NHS x Microsoft Hack for Health

The NHS England Data Science team, as well as a range of other analysts from across the organisation, attended an AI Hackathon at Microsoft, organised by the Data Science Team together with Microsoft and Kainos, with the key stakeholders being the NHS Websites Services Team. In this article, the author shares her experiences at the event.

Last week, the long awaited Hack for Health hosted at the beautiful Story Club, in Paddington London, by Microsoft and NHSE finally happened! At the hackathon, every team had either a Kainos or Microsoft representative, as well as a range of participants from across NHS England, including a strong Data Science Team presence, with several of our team members in each group. And unlike a usual hackathon, this one had stakeholders and well defined use cases, we were all working to one common goal.

The use cases were outlined as:

  1. Search & Summarise: using an extract of the NHS Corpus developed by one of our PhD interns, Sam Hollands, (we used two websites worth of data, out of 600 NHS websites, and it was already 25GB worth of data!), we had to develop an LLM that used RAG (see the Data Science Team's RAG Project Website Page) to sift through that data and retrieve answers to queries based on these NHS websites.
  2. Explaining to a 12 year old: Adapting the search and summarise for different personas, one of which being a 12 year old child
  3. Duplication & Conflict Detection: Comparing the two sites and identifying duplicate information and conflicting information.

The aim was to develop generative AI solutions for website services, who could adapt and improve them for their own use cases. Having use cases meant that it was so much easier to split work up, and get our heads down, with everyone having something to actively work on. It also meant we had a structured approach, making the experience so much more fulfilling. I was delighted by the creativity and range of approaches that the different teams took when it came to presenting at the end of the two days. We ranged from teams that had taken a thin slice approach to all three usecases, to teams that had gone really in depth in just one of them, to teams that had taken use case number three and made it into a tool that could be used by the websites team to improve the websites on the backend, removing conflict and duplication.

Overall, I was left in awe by the creativity and technical skills of our team, as well as of all the other attendees. Hopefully the work gets used in the future by the websites team, and I hope that any hackathons I attend in the future are of this high quality! (Of course it did help that my team won)

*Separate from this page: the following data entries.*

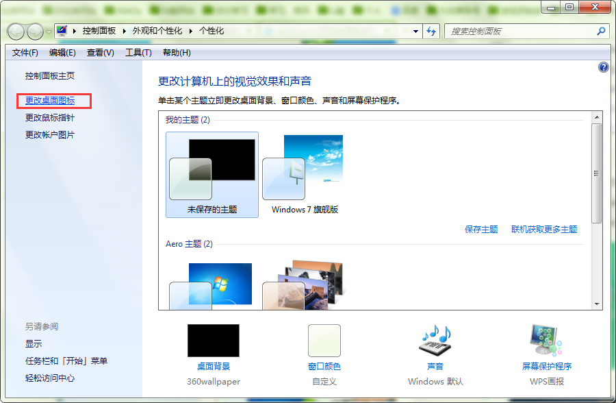 2、打开“个性化”窗口后,点击窗口左侧的“更改桌面图标”选项。如图所示:
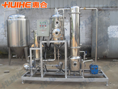 The single effect outer cycle vacuum concentrator is composed of heater, evaporator, defoamer, condenser, cooler and liquid receiving tank. The parts that contact materials are all made of stainless steel. The equipment is applicable to evaporation and concentration of liquid materials in pharmacy, food, chemical industry, light industry and etc. The concentrating time is short and the evaporating speed is high, which can better protect the heat sensitive materials from being damaged.
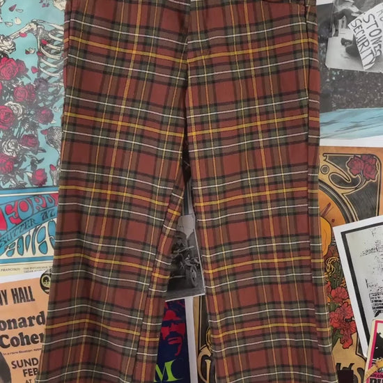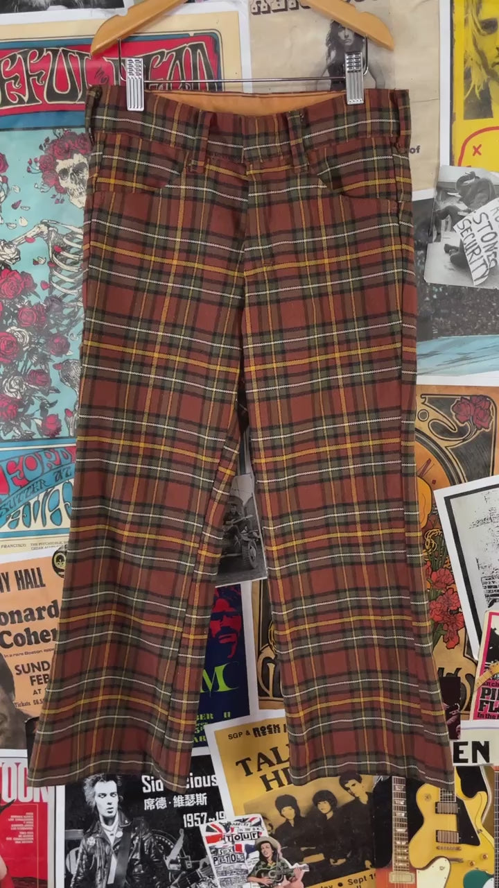 Vintage kids boys 70s retro brown, yellow, and white plaid print wide straight leg trouser pants by Sears, Roebuck and Co. Features hand pockets. Tagged size 8 husky. We estimate it to fit boys size 7 husky, ages 6-7. Please check measurements for accurate sizing. Feels like polyester, but am uncertain of the fabric content. Has piling through out and light wear on the seat.
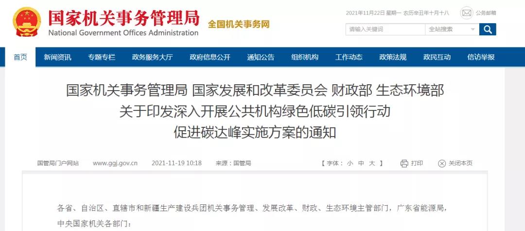 国家机关事务管理局 国家发展和改革委员会 财政部 生态环境部关于印发深入开展公共机构绿色低碳引领行动促进碳达峰实施方案的通知

Picture of team 9, the winning team

The final results were:

First Place: A thin slice approach of all three usecases, a project which included 4 of our very own data scientists: Sean Aller, Sudeshna Mallik, Xiyao Zhuang, and myself, as well as Rob Mansfield, Veta Ngammekchay, and our wonderful Kainos helper Peter Bodnar.

Second Place: Data Scientists Chaeyoon Kim and Warren Davis, with Mary Amanuel, Piyali Dutta, and Farwah Kazmi from elsewhere in the NHS, together with Microsoft's Dan Watkinson and Josh Mercurio developed an AI career coach that was able to draw from and cite relevant information from the HEE website, and was easily customisable to improve communication towards different user personas.

Third Place: Contradiction Finder by Data Science's Ben Wallace, Matt Taylor, and Jenny Chim, as well as Andrew Walker and Microsoft's Hannah Howell and Hanna Riaz. Focused on use case 3, making a usable tool for the websites team to find contraditions.

Team 9 presenting to a room full of people.

Quotes from some of the attendees about their experience:

Bashir Abubakar

The hackathon was an incredible experience that not only allowed me to learn how to use Azure AI Foundry but also deepened my understanding of how large language models (LLMs) can transform healthcare, particularly within the NHS. My fascination with transformers began when I first read Attention is All You Need paper, which revolutionised the NLP space with its groundbreaking approach to self-attention. Seeing this theory in action, from research papers to practical applications, has been nothing short of inspiring. The hackathon felt like a full-circle moment, as it opened new pathways for applying LLMs in healthcare, a vision I’ve long held for the future of AI professionals (Industry 4.0). It also reinforced the transformative role of prompt engineering, a skill I believe is pivotal in unlocking the potential of AI in creating meaningful solutions.

Will Poulett:

The variety of professions within each team was great, it's not often that GP's and data scientists can work together using generative AI. The solutions developed by each team were varied and interesting, I'm looking forward to seeing how they are implemented in the future!